- **Work task**
Only the pictures stay out; every record is to be quoted exactly.

━━━ The input ━━━

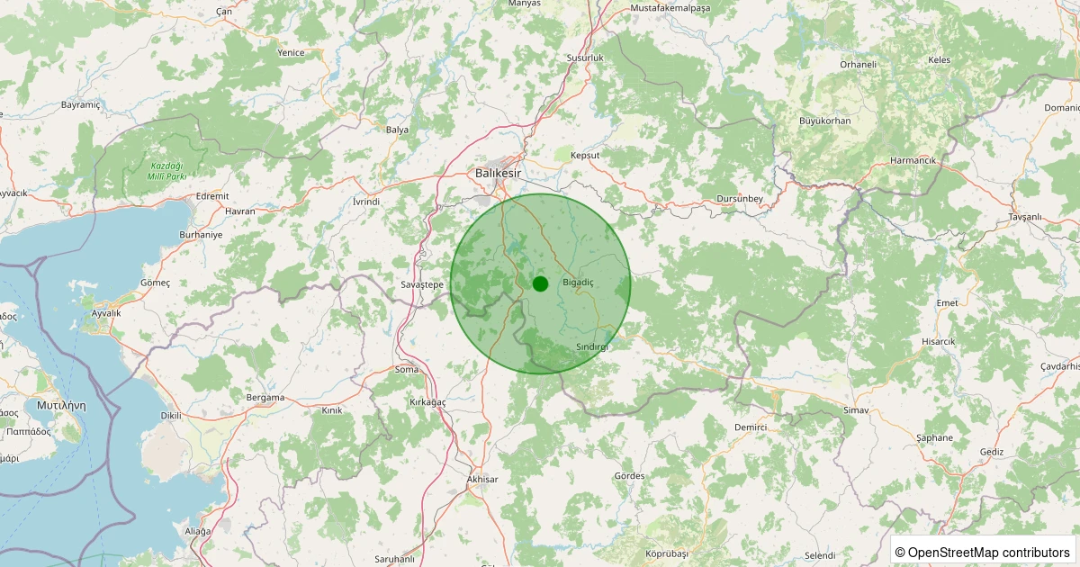 Son bir hafta içerisinde Balıkesir şehri Bigadiç - Çekirdekli noktasından 100 km yarıçap içerisinde toplamda 1159 deprem kaydedilmiştir. Bu depremlerden en büyüğü 4.9 büyüklüğünde ve en sığ odaklısı 0.00 kilometre derinlikte gerçekleşmiştir.
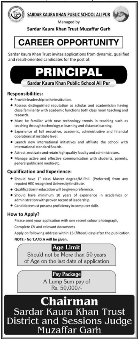 Sardar Kaura Khan Public School Job 2020 For Principal
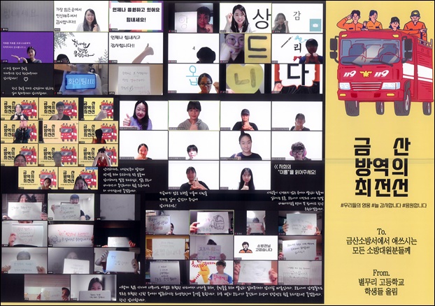 º°¹«¸®Çб³ ÇлýµéÀº ÇöÀç °ü³» Äڷγª19 È®ÁøÀÚ ±ÞÁõÀ¸·Î ´ë¸é¼ö¾÷ÀÌ ¾î·Á¿öÁü¿¡ µû¶ó È­»óȸÀÇ ½Ã½ºÅÛÀ» Ȱ¿ëÇØ ±³À°À» ÁøÇàÇϰí ÀÖÀ¸¸ç, Äڷγª19¸¦ ±Øº¹Çϱâ À§ÇØ ÇöÀå¿¡¼­ Ȱ¾àÇϰí ÀÖ´Â ¼Ò¹æ°üµéÀ» ÀÀ¿øÇÏ°í °¨»çÇÑ ¸¶À½À» ´ãÀº ¸Þ½ÃÁö¸¦ È­¸éÀ» Ȱ¿ëÇØ ÀÀ¿øÆ÷½ºÅÍ·Î ¸¸µé¾ú´Ù.
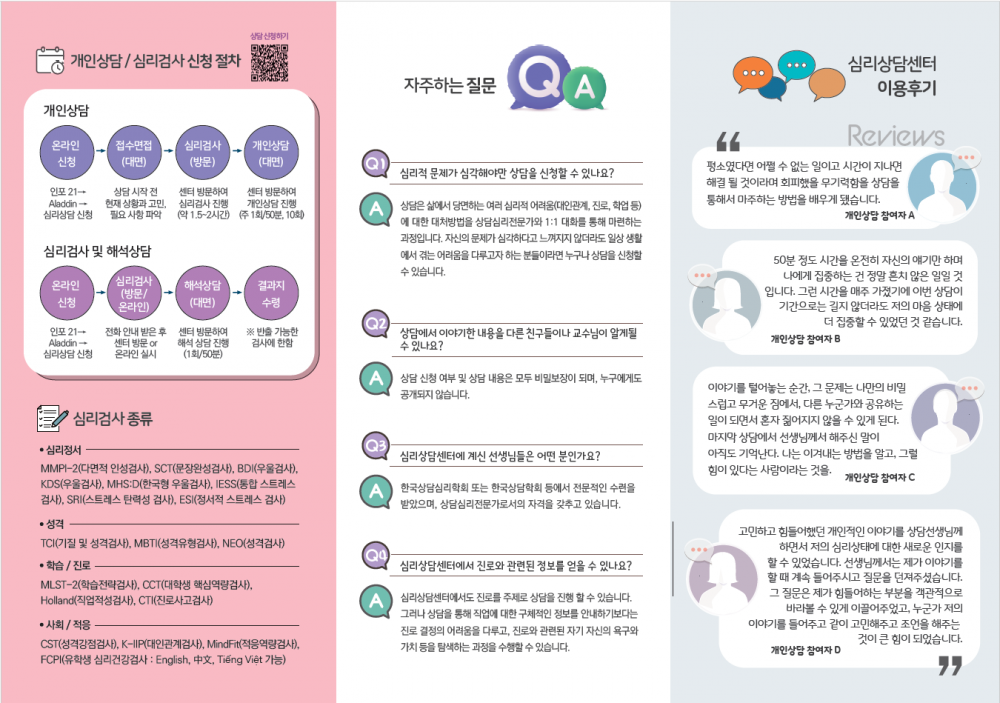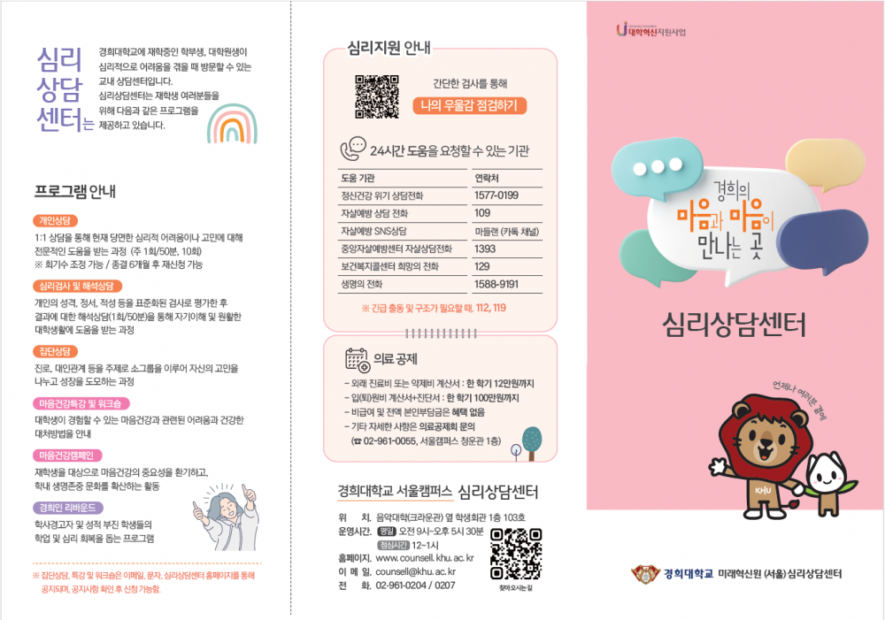 또한 단과대학 및 행정실에서 학생 대상으로 심리상담센터를 안내하실 때 리플릿 내용을 참고해 주시면 감사하겠습니다.
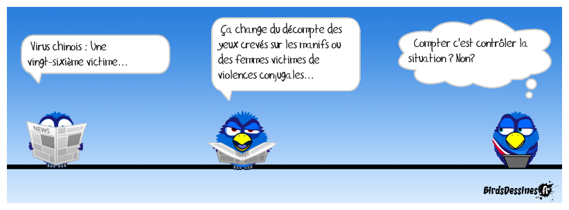 Case 1:Bird 1: Virus chinois : Une vingt-sixième victime... | Case 2: Bird 1: Ça change du décompte des yeux crevés sur les manifs ou des femmes victimes de violences conjugales... | Case 3: Bird 1: Compter c'est contrôler la situation ? Non?
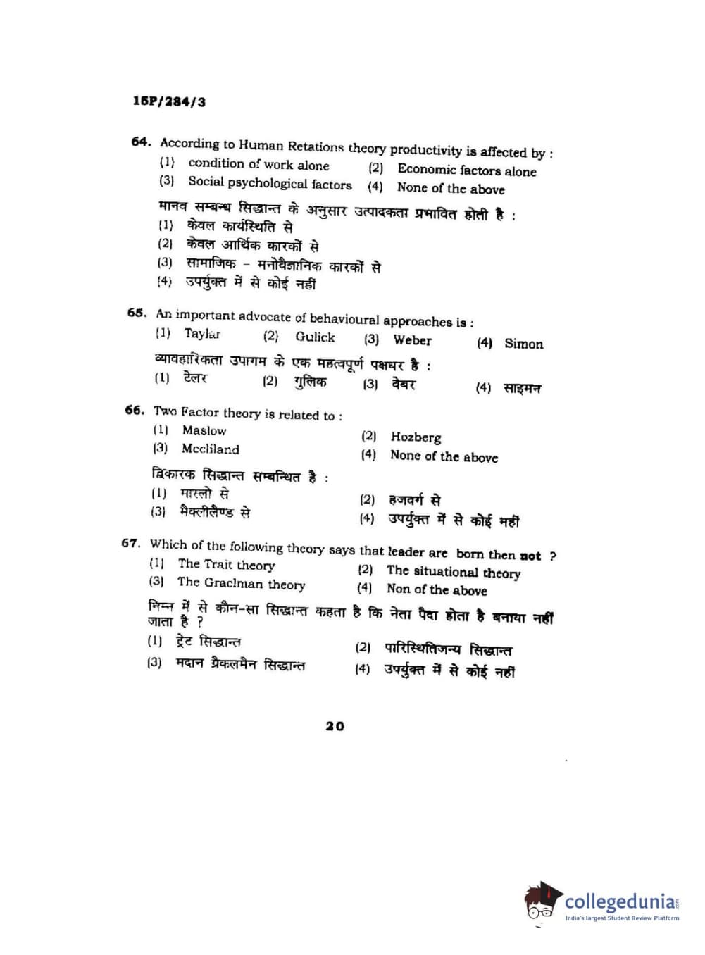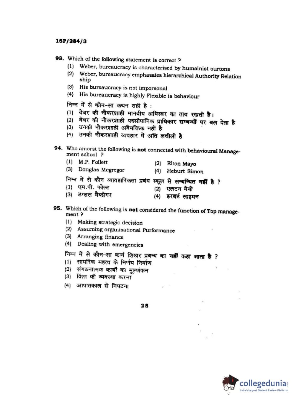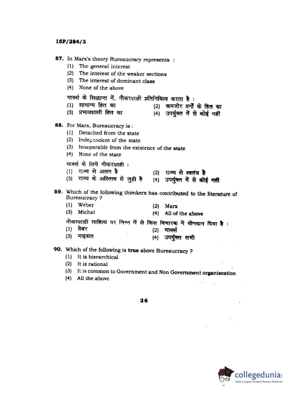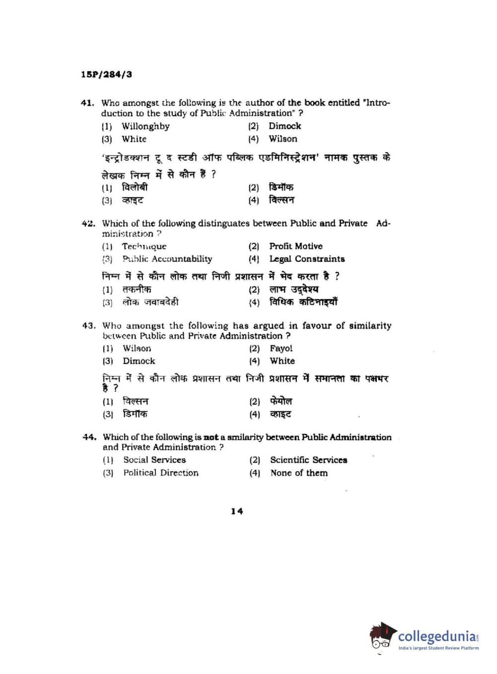 BHU PET 2015 M.A. - Public Administration Question Paper with Answer Key PDFs
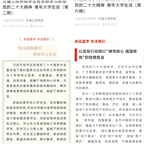 充分利用微信公众号网络新媒体,开设“学习贯彻党的二十大精神 青年大学生说”特色栏目,发挥学生党员骨干的榜样示范作用,带动全体学生主动学习党的二十大精神。
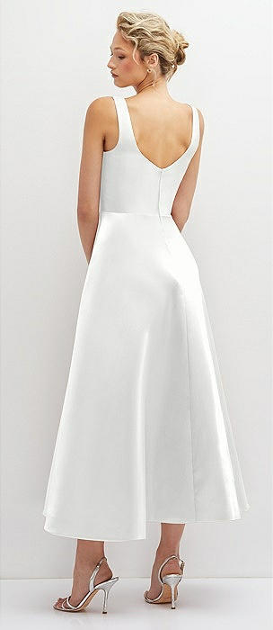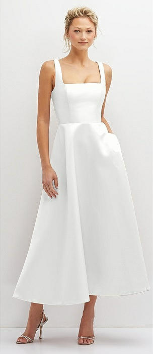Square Neck Satin Midi Dress with Full Skirt & Pockets in white
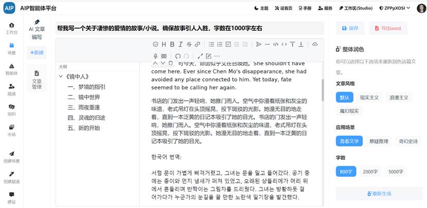 在全球化浪潮席卷的当下,跨语言交流与创作需求与日俱增。无论是商业合作、文化传播,还是个人表达领域,突破语言藩篱、实现顺畅的多语写作至关重要。AIP智能体应时代之需而生,以强大的多语翻译能力为核心,开启多语写作新纪元,助力创作跨越国界。
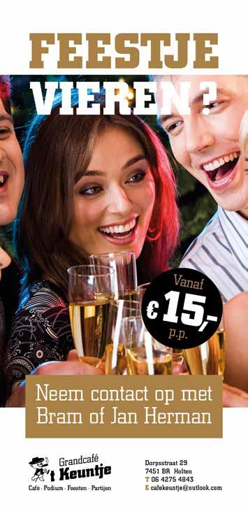 eten we trouwens wel warm, dus dat moet ook klaargemaakt worden. En thuis houd ik de agenda bij. Me druk maken? Nee hoor. Dat heeft geen zin. Een dagindeling kan zo maar veranderen. Dat heb je met de handel. Die wisselt nog wel eens.’’ Tijd voor een feestje is er altijd. Maar voorop lopen met de polonaise tijdens de carnaval? Dat zie je Jolanda niet zo snel doen. ,,Vroeger gingen we nog wel eens verkleed naar boer Biet. Tegenwoordig kijken we alleen nog de optocht, omdat Jan één van de wagenbouwers is. Wel vind ik de sleuteloverdracht die hier altijd in deze zaal plaatsvindt een hoogtepuntje. Koffie schenken?’’ Jolanda schiet in de lach. ,,Zeg maar bier haha. Dat nemen ze gelukkig zelf mee. Verder hoop ik dat ik dit soort dingen in de Oudheidkamer nog lang mag meemaken.’’
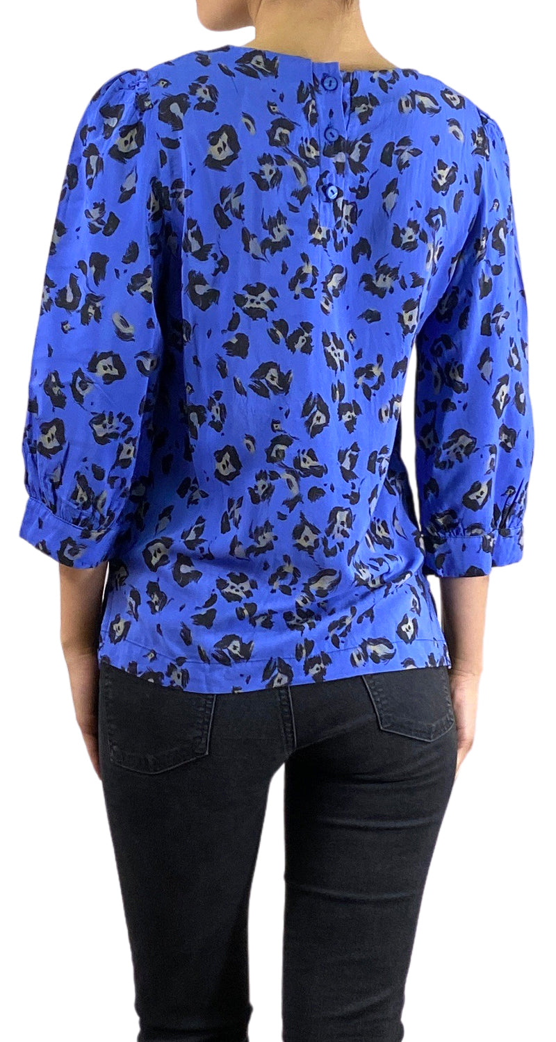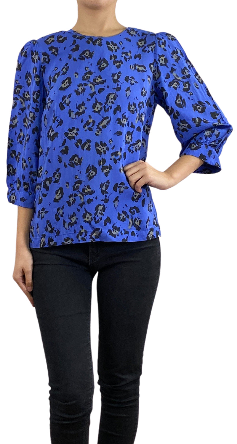 Blusa color Azul con estampado y cuello redondo.
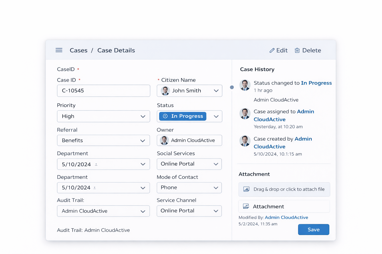 CloudActive consolidates operational data across departments to provide structured, real-time visibility into service demand, case performance, and compliance obligations.
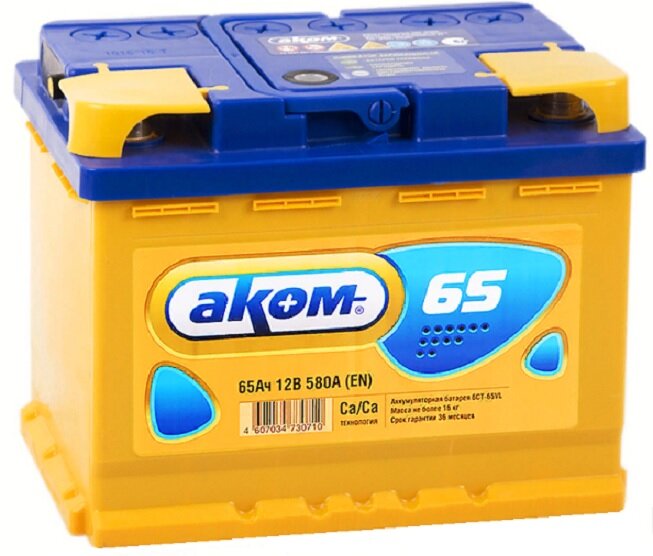 Аккумулятор автомобильный АКОМ (Akom) 65 А/ч 600 А прям. пол. Росс. авто (245х177х190) интересное:
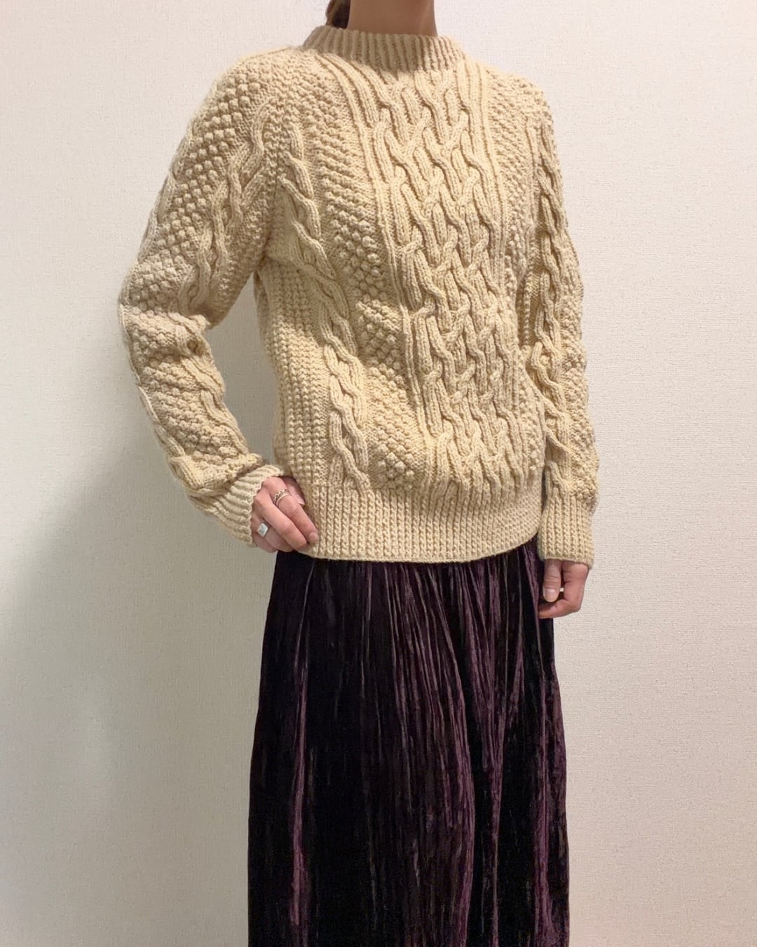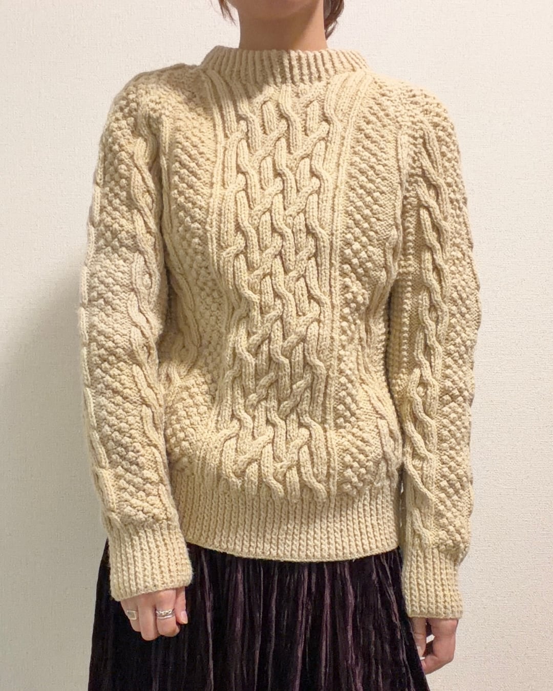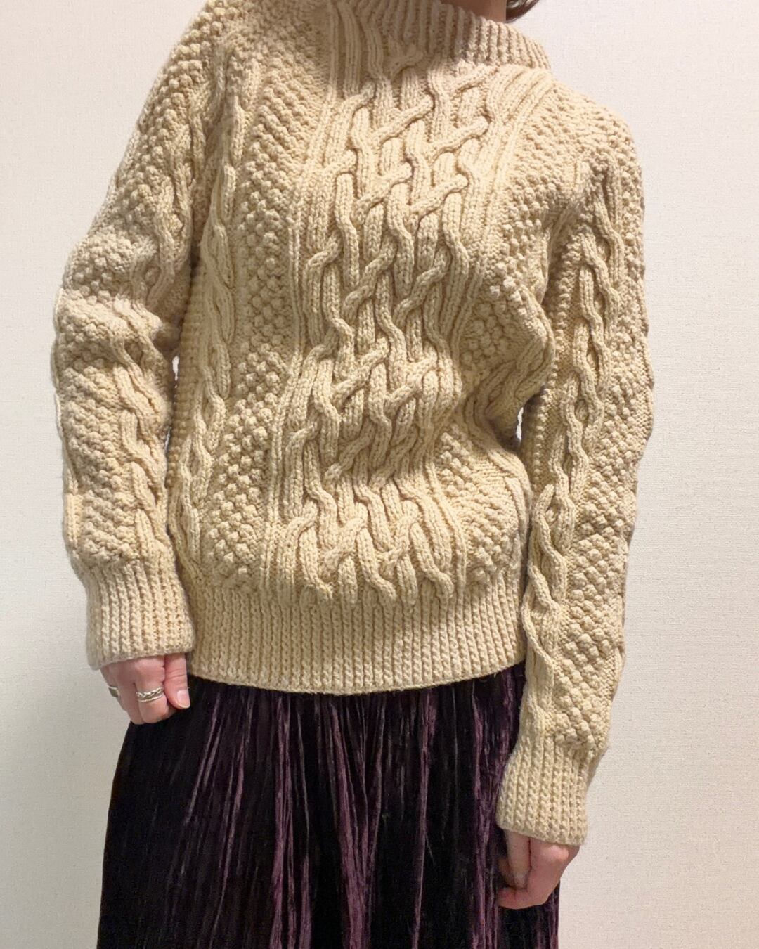 アイボリー ケーブル柄 アランニット

━━━

- **Answer to this problem**
 Son bir hafta içerisinde Balıkesir şehri Bigadiç - Çekirdekli noktasından 100 km yarıçap içerisinde toplamda 1159 deprem kaydedilmiştir. Bu depremlerden en büyüğü 4.9 büyüklüğünde ve en sığ odaklısı 0.00 kilometre derinlikte gerçekleşmiştir.
 Sardar Kaura Khan Public School Job 2020 For Principal
 º°¹«¸®Çб³ ÇлýµéÀº ÇöÀç °ü³» Äڷγª19 È®ÁøÀÚ ±ÞÁõÀ¸·Î ´ë¸é¼ö¾÷ÀÌ ¾î·Á¿öÁü¿¡ µû¶ó È­»óȸÀÇ ½Ã½ºÅÛÀ» Ȱ¿ëÇØ ±³À°À» ÁøÇàÇϰí ÀÖÀ¸¸ç, Äڷγª19¸¦ ±Øº¹Çϱâ À§ÇØ ÇöÀå¿¡¼­ Ȱ¾àÇϰí ÀÖ´Â ¼Ò¹æ°üµéÀ» ÀÀ¿øÇÏ°í °¨»çÇÑ ¸¶À½À» ´ãÀº ¸Þ½ÃÁö¸¦ È­¸éÀ» Ȱ¿ëÇØ ÀÀ¿øÆ÷½ºÅÍ·Î ¸¸µé¾ú´Ù.
 또한 단과대학 및 행정실에서 학생 대상으로 심리상담센터를 안내하실 때 리플릿 내용을 참고해 주시면 감사하겠습니다.
 Case 1:Bird 1: Virus chinois : Une vingt-sixième victime... | Case 2: Bird 1: Ça change du décompte des yeux crevés sur les manifs ou des femmes victimes de violences conjugales... | Case 3: Bird 1: Compter c'est contrôler la situation ? Non?
 BHU PET 2015 M.A. - Public Administration Question Paper with Answer Key PDFs
 充分利用微信公众号网络新媒体,开设“学习贯彻党的二十大精神 青年大学生说”特色栏目,发挥学生党员骨干的榜样示范作用,带动全体学生主动学习党的二十大精神。
Square Neck Satin Midi Dress with Full Skirt & Pockets in white
 在全球化浪潮席卷的当下,跨语言交流与创作需求与日俱增。无论是商业合作、文化传播,还是个人表达领域,突破语言藩篱、实现顺畅的多语写作至关重要。AIP智能体应时代之需而生,以强大的多语翻译能力为核心,开启多语写作新纪元,助力创作跨越国界。
 eten we trouwens wel warm, dus dat moet ook klaargemaakt worden. En thuis houd ik de agenda bij. Me druk maken? Nee hoor. Dat heeft geen zin. Een dagindeling kan zo maar veranderen. Dat heb je met de handel. Die wisselt nog wel eens.’’ Tijd voor een feestje is er altijd. Maar voorop lopen met de polonaise tijdens de carnaval? Dat zie je Jolanda niet zo snel doen. ,,Vroeger gingen we nog wel eens verkleed naar boer Biet. Tegenwoordig kijken we alleen nog de optocht, omdat Jan één van de wagenbouwers is. Wel vind ik de sleuteloverdracht die hier altijd in deze zaal plaatsvindt een hoogtepuntje. Koffie schenken?’’ Jolanda schiet in de lach. ,,Zeg maar bier haha. Dat nemen ze gelukkig zelf mee. Verder hoop ik dat ik dit soort dingen in de Oudheidkamer nog lang mag meemaken.’’
 Blusa color Azul con estampado y cuello redondo.
 CloudActive consolidates operational data across departments to provide structured, real-time visibility into service demand, case performance, and compliance obligations.
 Аккумулятор автомобильный АКОМ (Akom) 65 А/ч 600 А прям. пол. Росс. авто (245х177х190) интересное:
 アイボリー ケーブル柄 アランニット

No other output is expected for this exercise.